Unnamed: 0_level_0,Unnamed: 1_level_0,Unnamed: 2_level_0,totalLiquidityUSD
protocol,chain,date,Unnamed: 3_level_1
AAVE,Arbitrum,2022-10-03,29517140.0
AAVE,Arbitrum-borrowed,2022-10-03,10786720.0
AAVE,Avalanche,2022-10-03,733917900.0
AAVE,Avalanche-borrowed,2022-10-03,635541900.0
AAVE,Ethereum,2022-10-03,3934549000.0
AAVE,Ethereum-borrowed,2022-10-03,1548549000.0
AAVE,Ethereum-pool2,2022-10-03,86879320.0
AAVE,Ethereum-staking,2022-10-03,227021300.0
AAVE,Fantom,2022-10-03,2113637.0
AAVE,Fantom-borrowed,2022-10-03,687626.5


In [9]:
for today in dates:
    # Sum of all main chains
    all_chains=["Avalanche","Polygon","Optimism","Harmony","Arbitrum","Fantom","Ethereum"]
    total=df_detailed.query("date in @today and chain in @all_chains").totalLiquidityUSD.sum()

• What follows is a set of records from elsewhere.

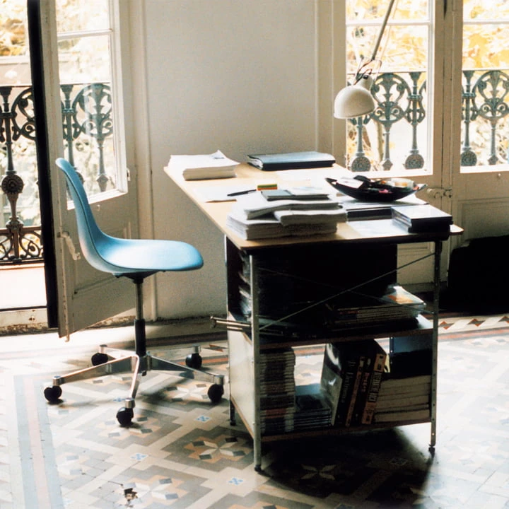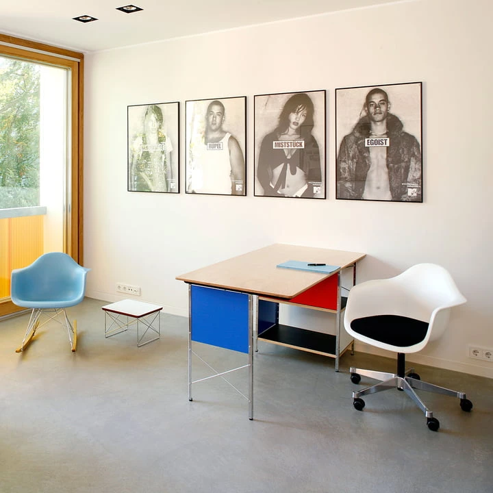 The Eames desk unit (EDU) by Vitra is a true design classic of the post-war period. In 1949, the designers Charles and Ray Eames developed a new system of freestanding, multifunctional desks that were constructed for the industrial series production.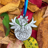 An angel cradles the name of Leandra's home state of "Ohio", with a leaf from Ohio's official tree, the Buckeye.
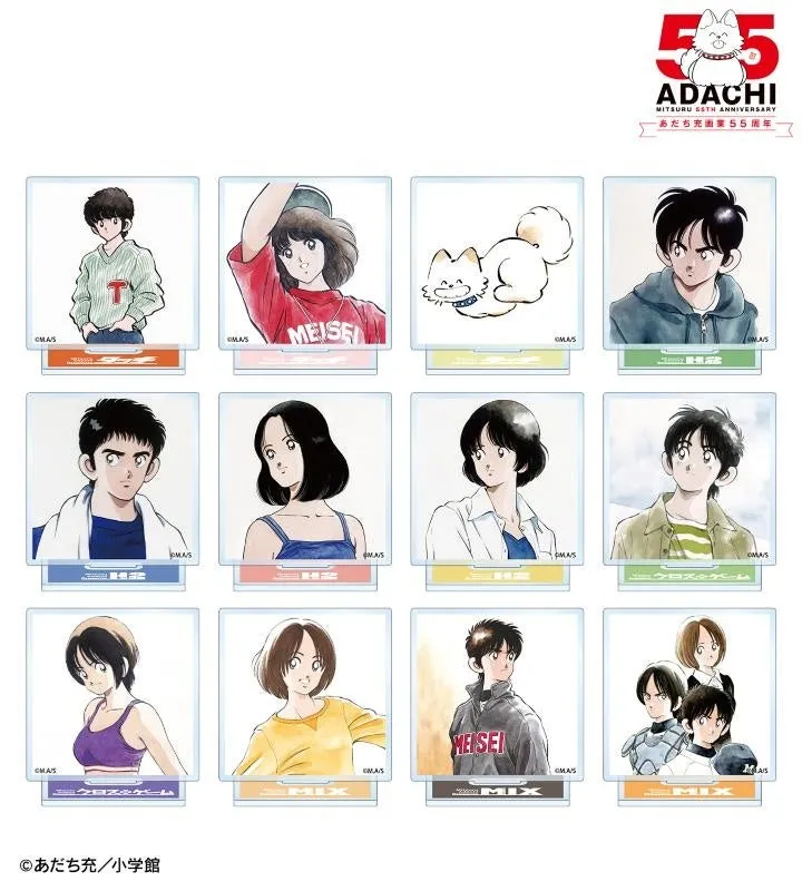 あだち充作品の美しいイラストを使用したアクリルスタンド。お部屋やデスクを飾るのにぴったりのアイテムです。・単品価格:¥880(税込)、BOX価格:¥10,560(税込)・サイズ:本体(約)63×60mm、台座(約)50×37mm、厚み:3mm・全12種。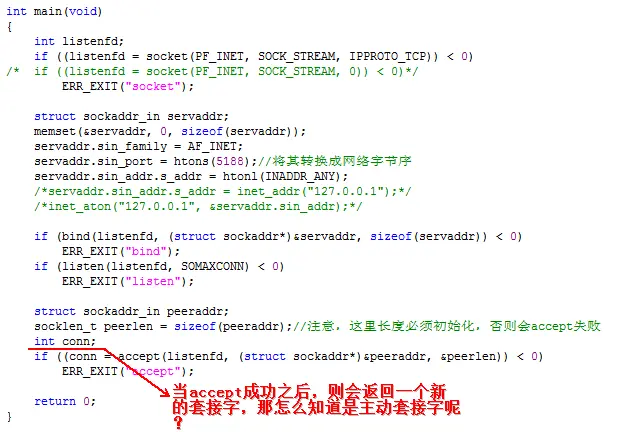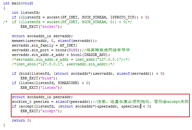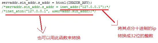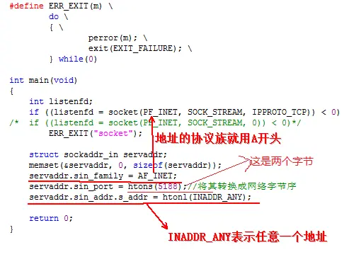 另外,其实"servaddr.sin_addr.s_addr = htonl(INADDR_ANY);"这种写法是可以省略掉的,因为它是全0,但这里为了显示说明所以保留。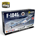 - Avión de caza de origen norteamericano F-104 Starfighter en su versión G, el cual ha servido en multitud de países entre ellos en el Ejército del Aire español, en escala 1/48.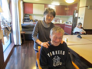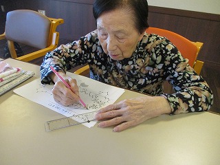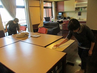 一緒にテーブル拭きや塗り絵など様々な活動を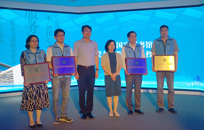 6月8日上午,國家圖書館新閱讀空間開放暨黨員志愿服務(wù)總隊(duì)成立活動(dòng)在國家圖書館總館北區(qū)舉行?;顒?dòng)現(xiàn)場,國家圖書館黨委書記、副館長魏大威,國家圖書館副館長、黨委副書記陳櫻為4支黨員志愿服務(wù)分隊(duì)代表授牌。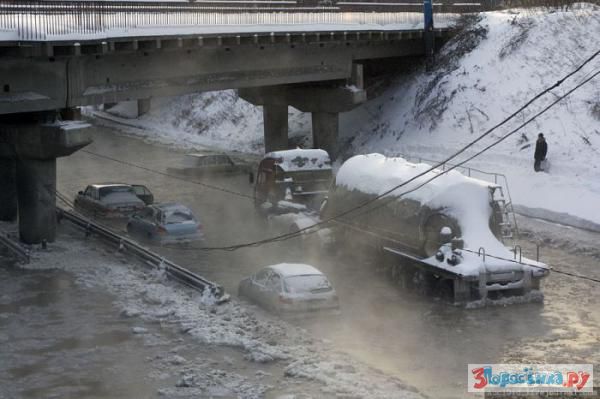В Екатеринбурге, на улице Шефской под мостом по ул. Блюхера, прорвало 600-мм трубу, что и вызвало заторы на дорогах. Около сотни метров дорожного полотна скрылись под полуметровой толщей воды, около десятка машин заглохли и не смогли выбраться из воды самостоятельно. В то же время 200-мм труба лопнула в центре города, в районе перекрестка Малышева - пер. Банковский. Вода залила улицы и ушла под уклон - на Радищева. В результате дольше всего оказался закрытым участок улицы Радищева между ул. 8-марта и Добролюбова - как раз по дороге к резиденции Полпреда Президента в УрФО. Тут машины не тонули, но лишняя пробка в центральной части города в утренний час пик - беда для сотен и тысяч людей. Смотрим фотографии с обоих мест ЧП.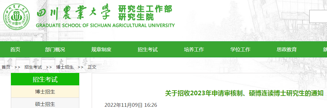 四川农业大学关于招收2023年申请审核制、硕博连读博士研究生的通知11-11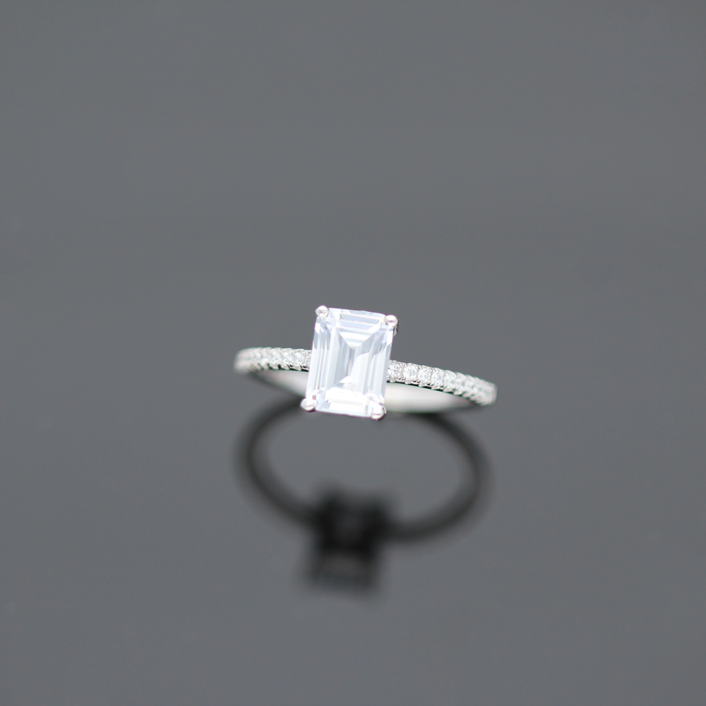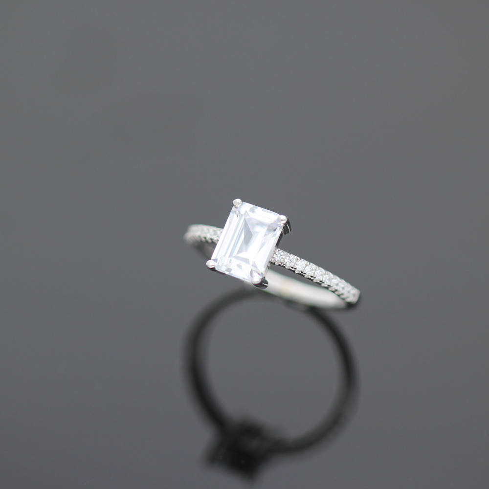 Delikatny, srebrny pierścionek w całości wysadzany przepięknie mieniącymi się cyrkoniami co z pewnością dodaje biżuterii niesamowitego uroku. Całość wykonana z rodowanego srebra próby 925.  Szerokość obrączki 1 mm wielkość kamienia 8 mm x 6 mm.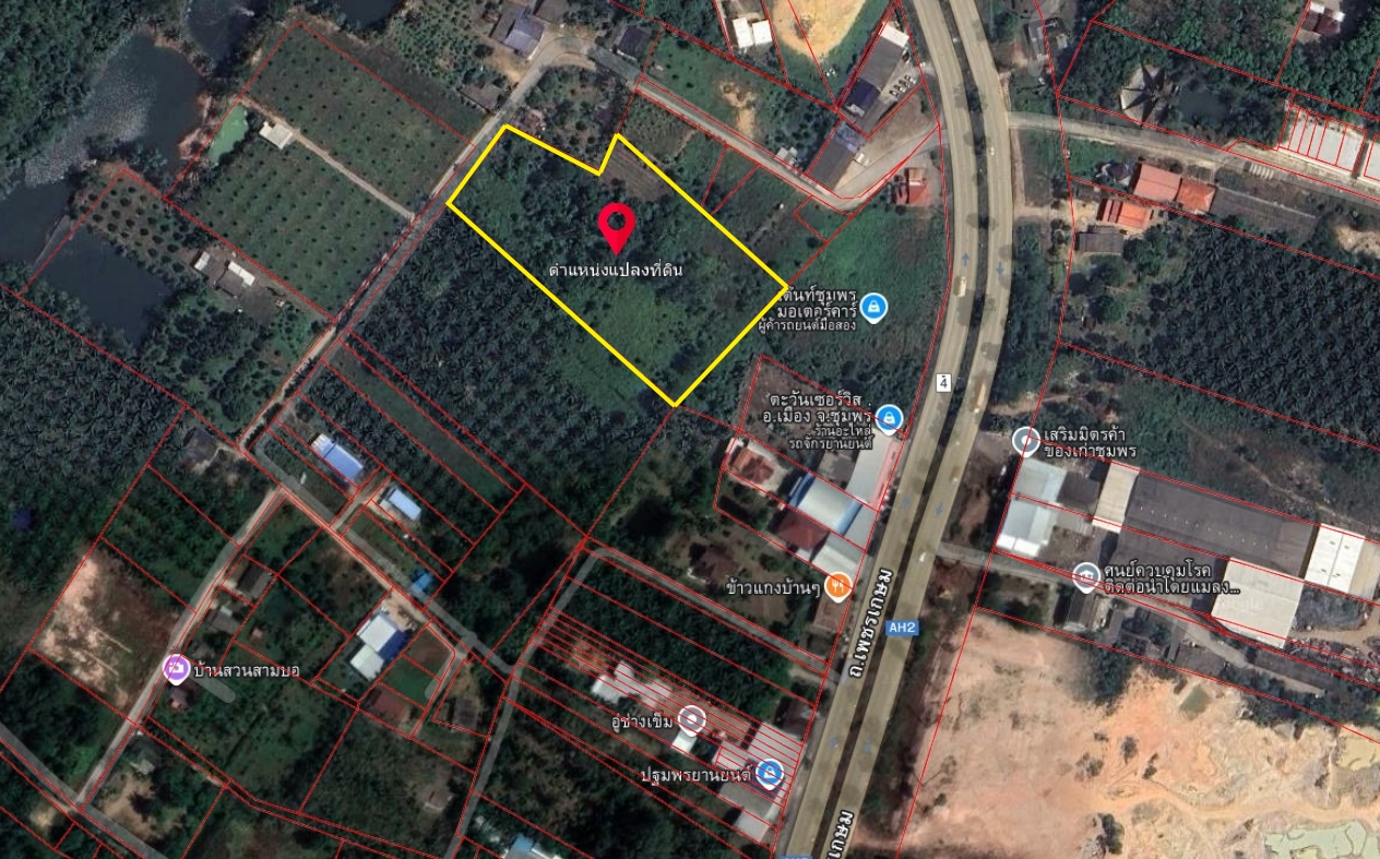 ขายที่ดินเปล่า 7 ไร่ เมืองชุมพร ใกล้ถนนเพชรเกษม (ทางหลวงหมายเลข 4)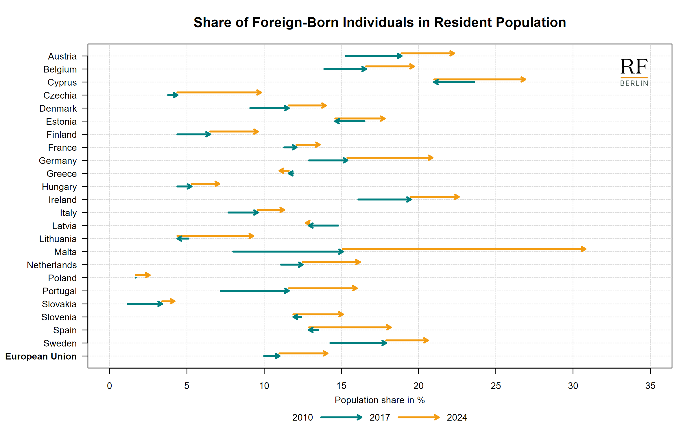 - The share of foreign-born individuals in EU countries has increased from 13.6% in 2023 to 14.1% in 2024.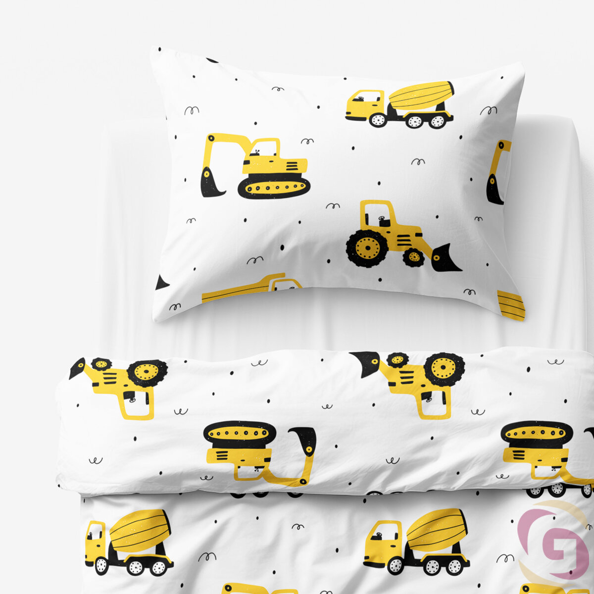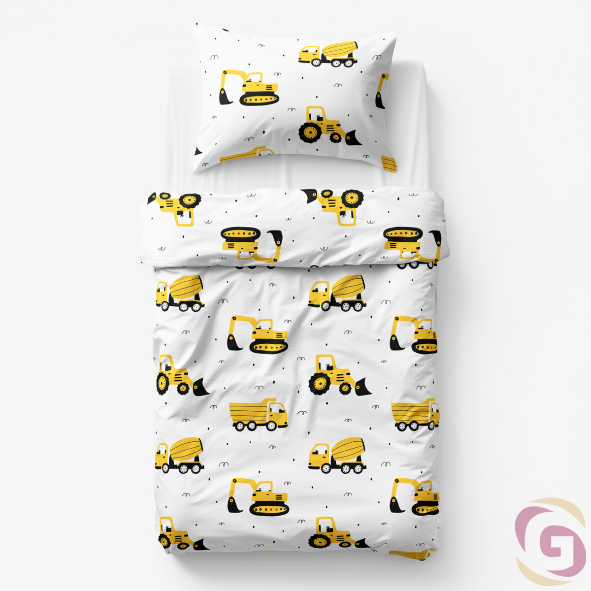 Bettwäsche für Babybetten aus Baumwolle - Bagger und Baufahrzeuge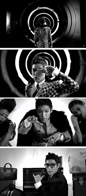 The whole MV is black and white and just full of checkered patterns (it seems Illuminati dictates even fashion trends). T.O.P uses a lot of Illuminati gestures (El Diablo, Hidden Eye, “As Above, So Below”):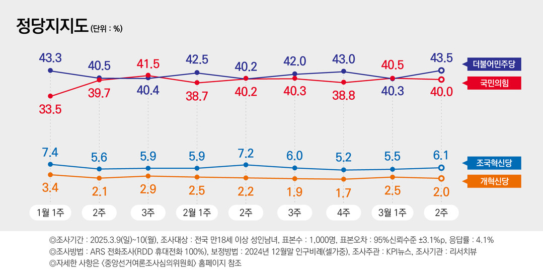 정당 지지도…민주당 43.5% 국민의힘 40.0%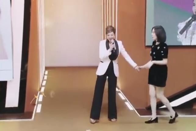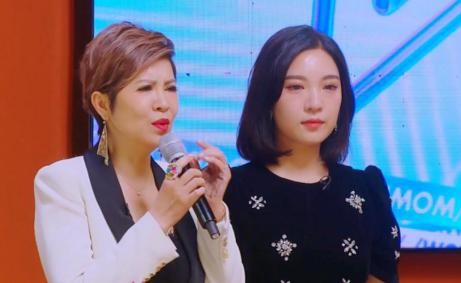 女儿眼眶含泪,从沙发上起身走上舞台,牵着妈妈的手,陪妈妈唱完这首歌。
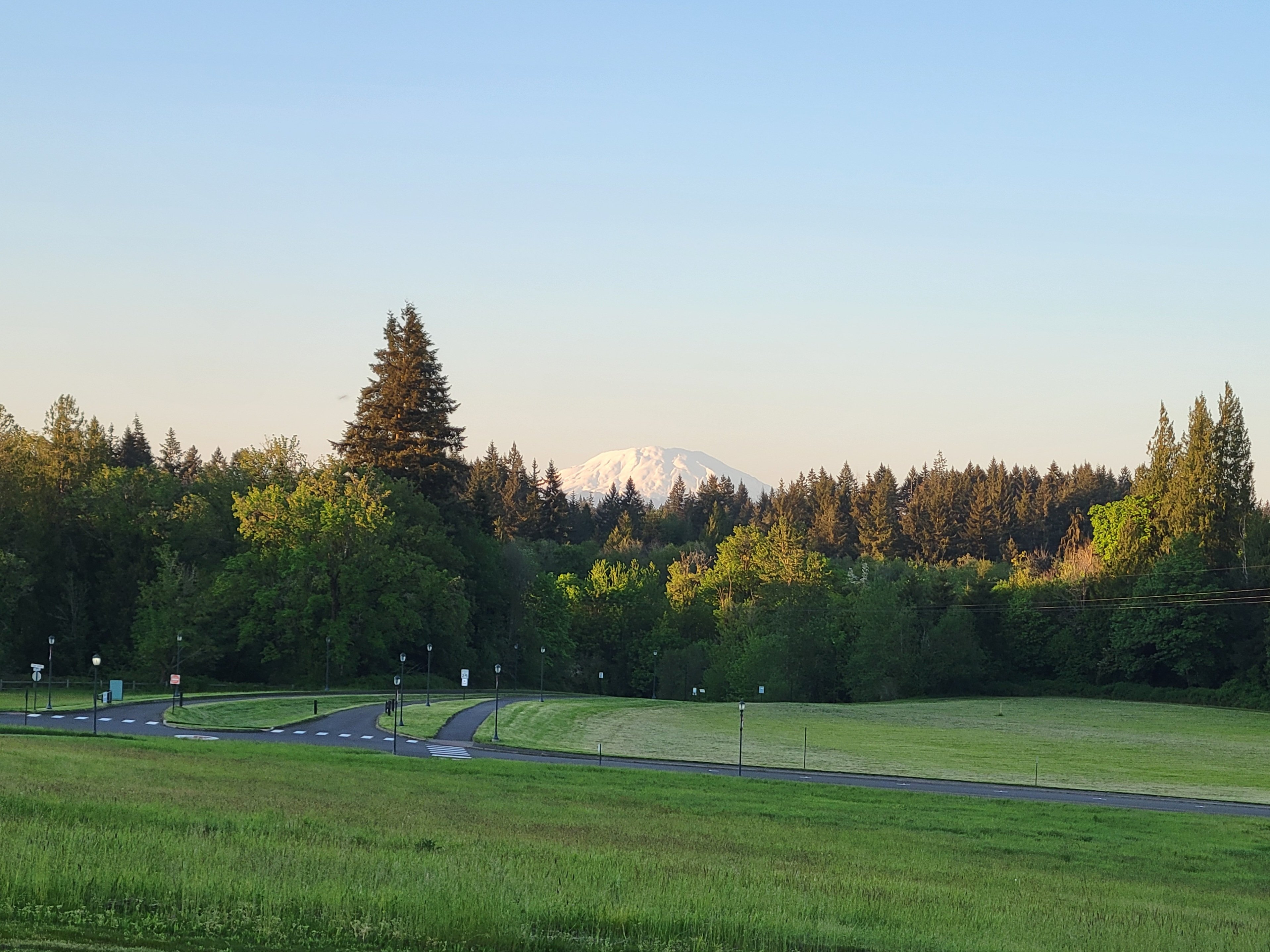 That is Mt. St. Helens; It's active and last erupted in 1980 (which is why the top is flat- one whole side of the volcano was blown away during the eruption). I'm about 40 odd miles from it and can see it most days from my porch (as well as Mt. Adams and Mt. Hood, albeit not as well).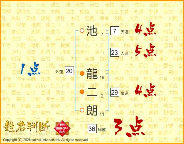 あなたの人生を表す1番重要な運勢です。生涯を通じて影響する総合運となり、主に50歳以降の晩年期に影響を及ぼします。苗字と名前の合計画数。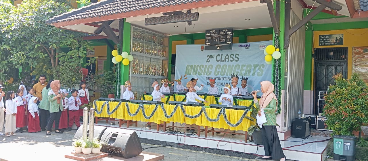 Konser Musik Step 1 dan 2 Kelas 2 SDN Wonotingal berlangsung lancar pada hari Selasa, 12 Desember 2023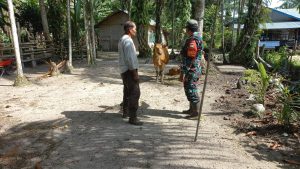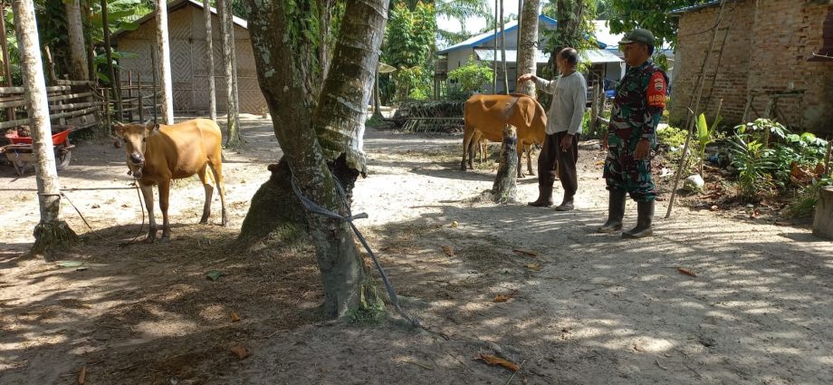 DUMAI — (SNI) — Babinsa Kelurahan Bukit Kapur Serda Roni Sandra melaksanakan pemantauan ternak untuk mencegah Penyakit Mulut dan Kuku (PMK) di salah satu peternakan milik masyarakat, (19/1).

    # Sum of all sub chains
    suffix="-"
    
    if "chain" in df_detailed.index.names:
        df_detailed=df_detailed.reset_index("chain")
        
    df=df_detailed.query("date in @today")
    df=df.loc[df.chain.str.contains(suffix)]
    subchain_total=df.totalLiquidityUSD.sum()


    print(today)
    print("Difference:",(total-subchain_total))
    print("Significance:",((total-subchain_total)/total),"\n")



2021-10-03 00:00:00
Difference: 3099270658.16613
Significance: 0.21879003870969263 

2022-10-03 00:00:00
Difference: 2054880915.9362302
Significance: 0.3771990063541991 

2022-10-15 00:00:00
Difference: 1870765499.41541
Significance: 0.36725975313429693 

2022-10-25 00:00:00
Difference: 1785904943.9741402
Significance: 0.3587763293366404 



## Conclusion
For the dates tested, the significance of the untracked TVL ranges from around 21% to 37%. This is a signficant amount of TVL that is untracked and it would be important to understand how did this difference come about.